> **Activity**:
The answer should be an exact repeat of the stretch of material below from the line containing "Dubai Marina, harbour, cruise" through the line containing "Работа с любой".

> **Information supplied**:
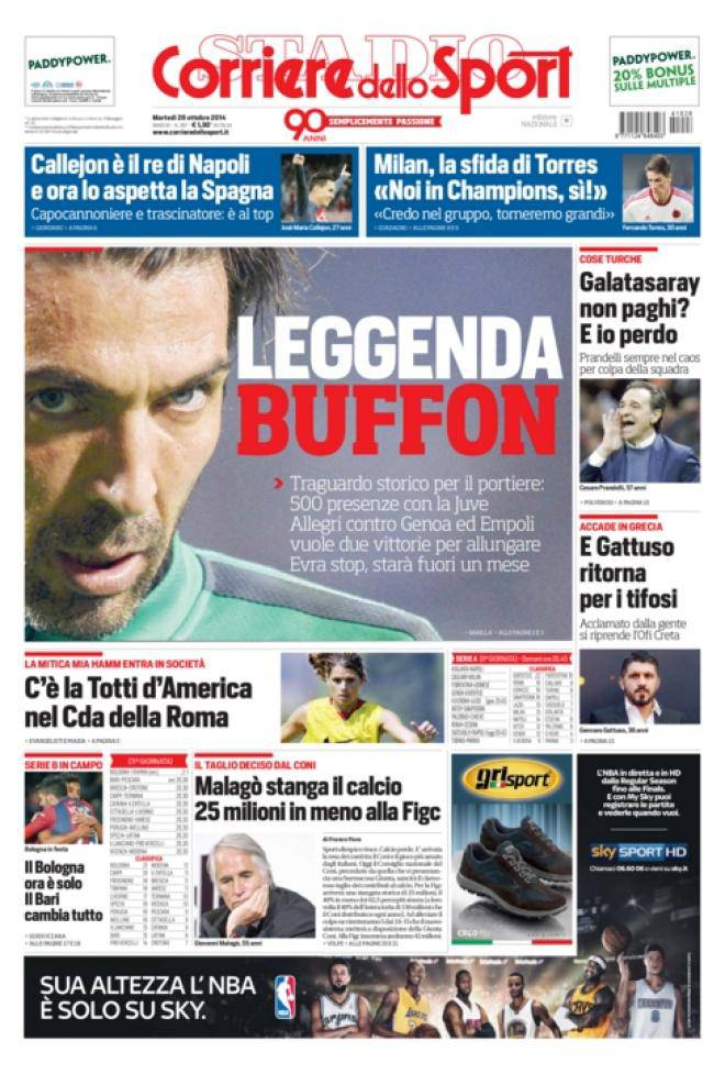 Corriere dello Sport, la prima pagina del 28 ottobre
==
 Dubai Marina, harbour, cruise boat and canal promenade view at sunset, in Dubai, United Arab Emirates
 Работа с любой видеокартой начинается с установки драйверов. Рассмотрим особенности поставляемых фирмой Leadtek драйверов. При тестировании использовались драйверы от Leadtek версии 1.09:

> **Answer**:
 Dubai Marina, harbour, cruise boat and canal promenade view at sunset, in Dubai, United Arab Emirates
 Работа с любой видеокартой начинается с установки драйверов. Рассмотрим особенности поставляемых фирмой Leadtek драйверов. При тестировании использовались драйверы от Leadtek версии 1.09:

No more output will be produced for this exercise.